A Chinese woman passed out after accidentally swallowing an engagement ring her boyfriend had hidden in a cake.

The man said he was inspired by romantic movies in which leading men hid rings in cakes and gave them to their girlfriends.

Thankfully, the woman is fine now. She's agreed to marry the man, and they will have premarital counseling that includes instruction in the Heimlich Maneuver.

You know, just in case Mr. Romantic wants to give her a necklace in spaghetti.

Humor Me: Swimming with the kids

By MATT WIXON

In March, my 5-year-old son, Ryan, and nearly-3-year-old son, Cooper, began asking if it was warm enough to go swimming. On Memorial Day weekend, I took them to the pool for the first swim of the summer.

It started with getting the towels, boogie board, pool noodle float thing, hats, goggles, two cups of water and Spider-Man dive toy. Then we waved goodbye to my wife, who was staying home with our 4-month-old son, and began the two-block trip to the neighborhood pool.
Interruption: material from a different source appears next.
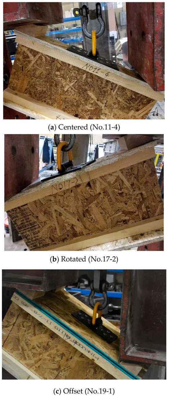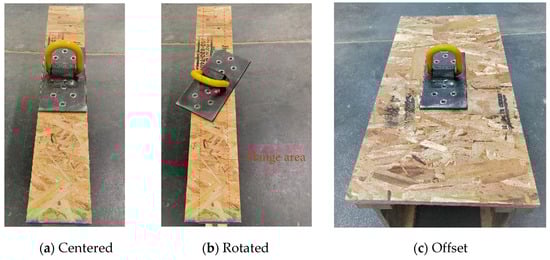 Test specimens were fabricated by fastening two oriented strand board (OSB) strips (i.e., sheathing panel) to the top and bottom flanges of wood I-joists using nails, creating symmetric specimens. A pair of rigging devices was used repeatedly in the withdrawal tests. The anchor plate of the rigging device was connected to the OSB and I-joist flanges using STSs. To cover various construction scenarios during the lifting process, three anchor plate placements were considered, as illustrated in Figure 5: (a) centered on the flange of the I-joist; (b) with a 30° rotation and only half of the STSs in the flange; and (c) offset from joist flanges with all STSs into the sheathing panel only. Note that centered placement (Figure 5a) is often the preferred placement. The rotated and offset placements (Figure 5b and Figure 6c) were included in the project to indicate alternative on-site installation methods. The OSB strips were 609 mm (24 in) in length. Four different widths of OSB strips/panels were used, namely 76 mm (3 in), 100 mm (4 in), 152 mm (6 in), and 305 mm (12 in). In particular, the 305 mm OSB panels were used for specimens with the offset placement (Figure 5c).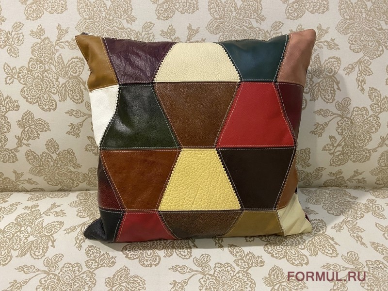 Квадратной и прямоугольной формы подушки действительно сшиты из множества разноцветных лоскутов.

Here’s a diary of the swimming debut. Times are estimated, of course, but the names haven’t been changed to protect the innocent. My sons are very sweet, but not always that innocent.

Five minutes into trip: Cooper steers his big wheel off the sidewalk and into a front lawn. I position the big wheel back on the sidewalk, but he says his legs are tired from all the pedaling he did to move the bike about 100 feet. I push the big wheel the rest of the way to the pool.